- [Material provided]:

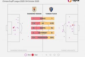 云南玉昆本場有8次射正,追平球隊單場中超射正次數(shù)的紀錄
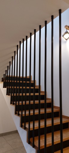 Przykład zastosowania do montarzu rury harfy montowanej do stopnia schodó lub podestu i skośnego sufitu.
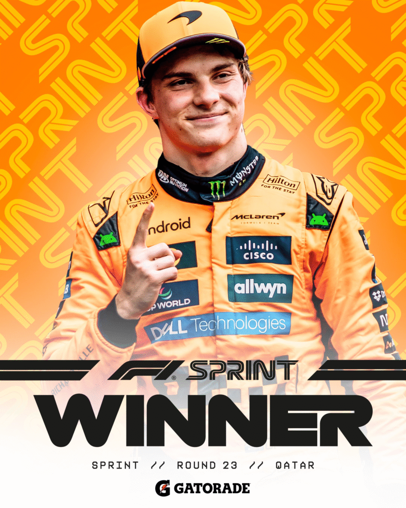 La mañana del sábado en Lusail abrió con una Sprint decisiva para el desenlace del campeonato de Fórmula 1. Oscar Piastri, que el viernes se había quedado con la pole, ratificó su gran momento al quedarse con la victoria liderando todos los giros, lo que le permitió recortar tres puntos clave en la pelea interna con su compañero Lando Norris.
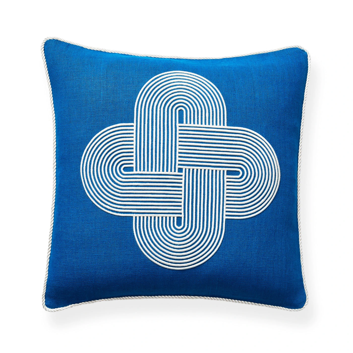 Our Pompidou pillows pair 70s inspired patterns with daring dimension for added oomph. Featuring bold, saturated primary colored linen or muted and moody toned linen embellished with a raised satin stitch and a corded edge. Group them for a strong statement, or pop one wherever your room needs a boost.

- [Instructions for the task]: Every line from the one with "Przykład zastosowania do" through the end of the material above should be restated word for word, with the pictures left out.

- [Exercise result]:
 Przykład zastosowania do montarzu rury harfy montowanej do stopnia schodó lub podestu i skośnego sufitu.
 La mañana del sábado en Lusail abrió con una Sprint decisiva para el desenlace del campeonato de Fórmula 1. Oscar Piastri, que el viernes se había quedado con la pole, ratificó su gran momento al quedarse con la victoria liderando todos los giros, lo que le permitió recortar tres puntos clave en la pelea interna con su compañero Lando Norris.
 Our Pompidou pillows pair 70s inspired patterns with daring dimension for added oomph. Featuring bold, saturated primary colored linen or muted and moody toned linen embellished with a raised satin stitch and a corded edge. Group them for a strong statement, or pop one wherever your room needs a boost.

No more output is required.